# Run shell instead of XDM



## ieatbirds (Apr 15, 2009)

Hi, I'm wondering if there's a way to run shell instead of XDM, or run vi in XDM. I modified /etc/ttys to run XDM instead of KDM, and now I can't run vi or anything to change the file =X


----------



## Beastie (Apr 15, 2009)

Have you configured a ~/.xsession?
If you login successfully with XDM, it'll take you to the default window manager. From there you can open a shell and modify /etc/ttys (commenting out the xdm line) using any editor you want.

If this doesn't work, can you try to kill X (ctrl + alt + backspace)?


----------



## lyuts (Apr 15, 2009)

When i need the terminal I press Crtl+Alt+F1 and hold a little bit. This puts me to the first terminal Without killing X. Then I swtich to another (Alt+F2), login and do what i need.


----------



## Djn (Apr 15, 2009)

You can press Ctrl+Alt+F[12345678] to switch to the different terminals from X directly, btw.


----------



## Gkarfield (Apr 23, 2009)

at /etc/rc.conf is a a line maybe that says xdm enable
[i have gnome and has gdm enable]
if you comment it, then you will boot in console.

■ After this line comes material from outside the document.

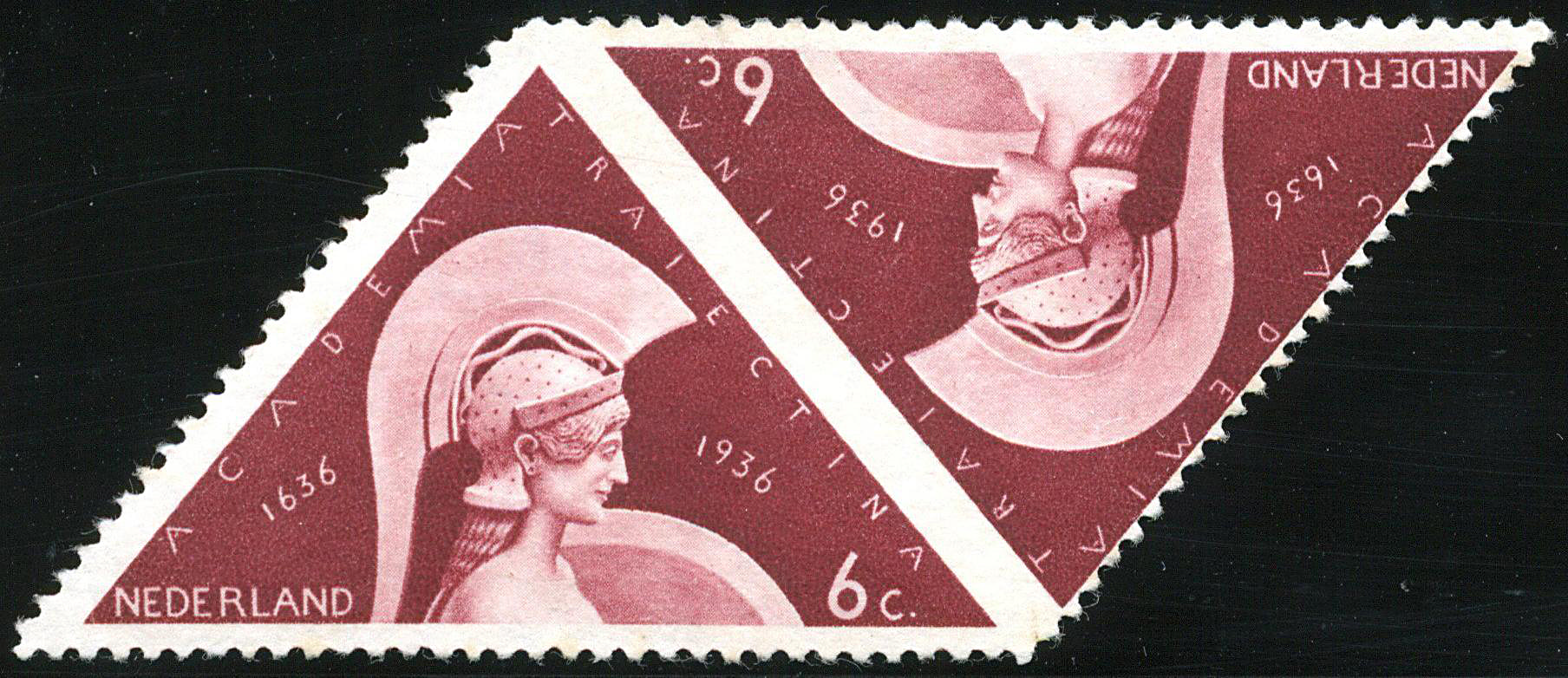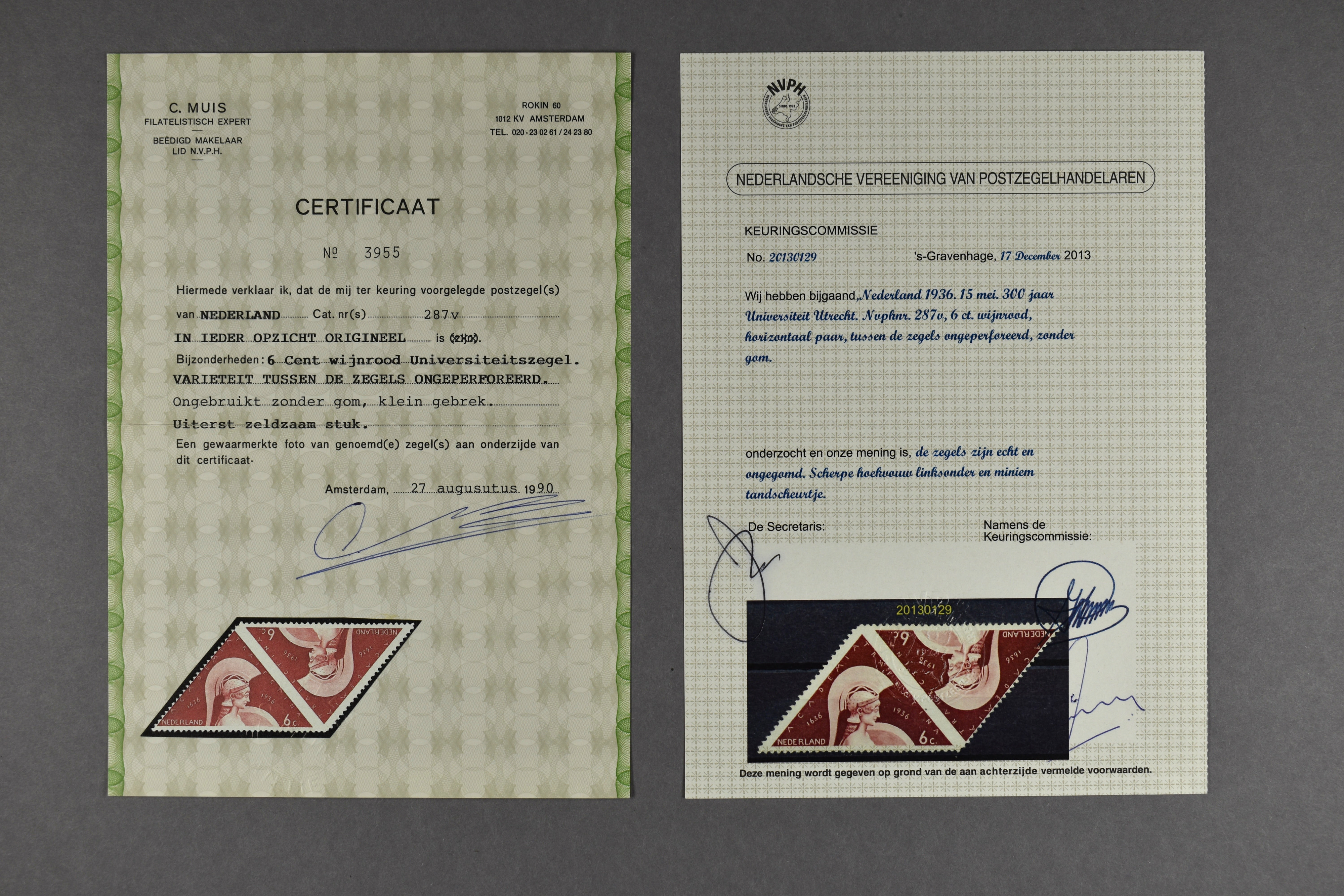 287v, 300 Jaar Universiteit van Utrecht, 6 cent wijnrood in ongebruikt verticaal paar met variëteit: tussen de zegels ongeperforeerd, zonder gom, hoekvouw en miniem tandscheurtje, ov. zeer zeldzaam ex. met certificaat NVPH (2013)

If that is what you need.
no windows , just the console


----------



## Gkarfield (Apr 23, 2009)

i tried ctrl + alt + f1, it worked , but how i get back.

a better way  is as root kill  the gdm  or xdm .

you have only the terminal and you can move  through  terminals [like lyuts mentioned]


----------



## lyuts (Apr 23, 2009)

Alt + f9 will bring you back.


----------



## phoenix (Apr 23, 2009)

Note:  XDM is managed via */etc/ttys* and not */etc/rc.conf*.  You enable/disable XDM (and KDM) by changing the *on* to *off* (and vice versa) for the line with xdm on it (tty7 I believe).


----------